Could you please provide a simpler example that illustrates the problem? (Maybe just be deleting all the arguments that argument actually used?)

lmiratrix commented 3 months ago

Ok, how about this:

library( tidyverse )

one_run = function( a_flag = FALSE, ...  ) {

    if ( a_flag ) {
        return( paste0( "dta-", a_flag ) )
    } else {
        return( "res" )
    }
}

run_sim <- function( reps, ... ) {
    purrr::map_chr( 1:reps, ~ one_run( ... ) ) 
}

purrr::map_chr( 1:4, ~ one_run() )

run_sim( reps = 4 )

run_sim( reps = 4, a_flag = FALSE )

It looks like the "..." in the one_run() is getting mapped to the anonymous function's initial argument, which is the counter from map?

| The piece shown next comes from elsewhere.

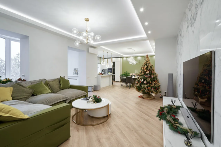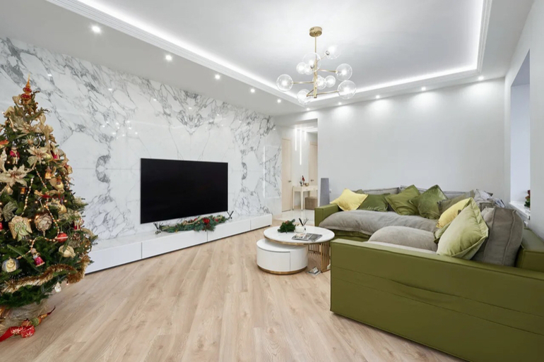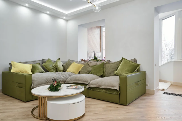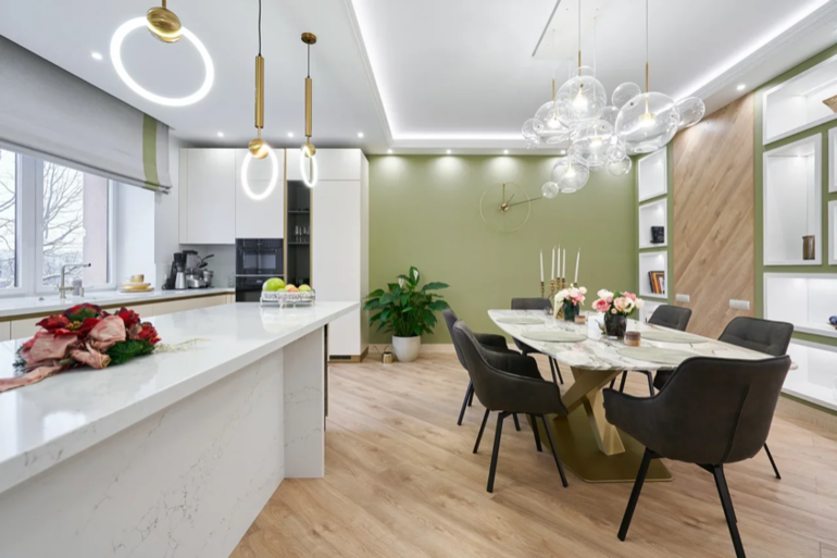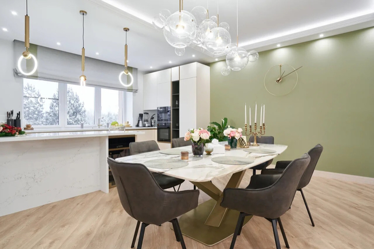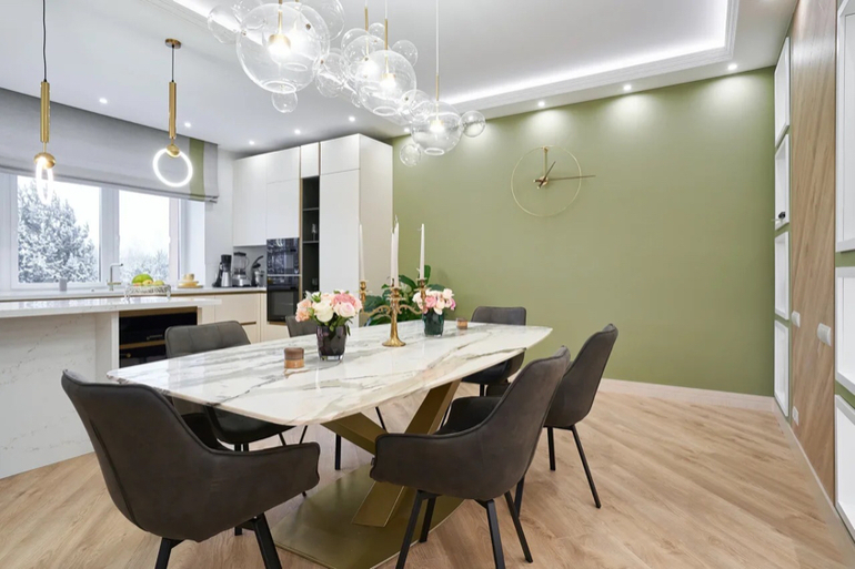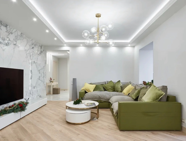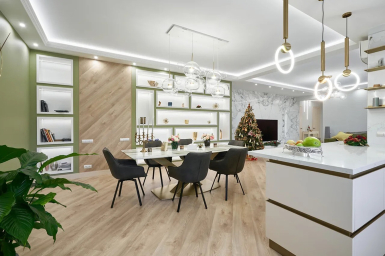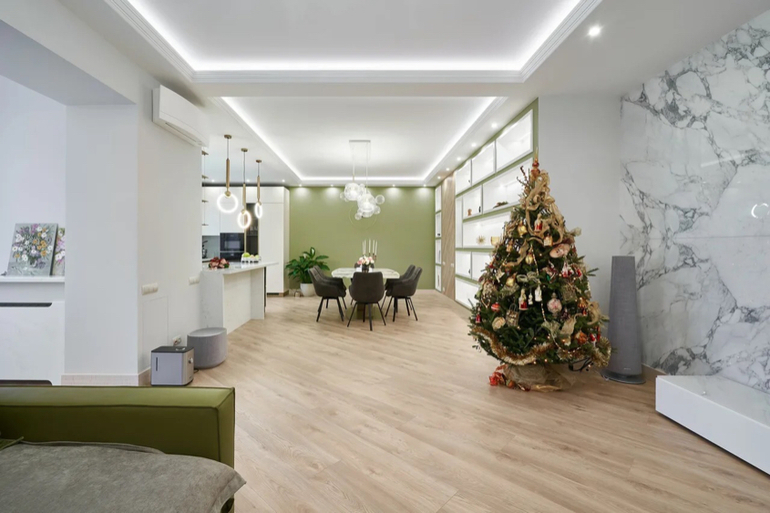 Белый цвет - это было строгое желание заказчика. Даже уговорить его на зелёную стену в гостиной стоило больших трудов). Там ещё планируется декор на стенах и ковры.

hadley commented 3 months ago

I think you're running into the complexities of the ~ helper. Life gets easier if you switch to the new base R anonymous function shorthand:

library(purrr)

one_run <- function(a_flag = FALSE, ...) {
    if (a_flag ) {
      paste0("dta-", a_flag)
    } else {
      "res"
    }
}

run_sim <- function( reps, ... ) {
  purrr::map_chr(1:reps, \(i) one_run( ... )) 
}

run_sim(reps = 4, a_flag = TRUE)
#> [1] "dta-TRUE" "dta-TRUE" "dta-TRUE" "dta-TRUE"
run_sim(reps = 4, a_flag = FALSE)
#> [1] "res" "res" "res" "res"

Created on 2024-07-23 with reprex v2.1.0

lmiratrix commented 3 months ago

Ok, so the "~" method has some weirdness; I will try and update my coding habits to (i). I like the explicitness of the parameter, at least. :-)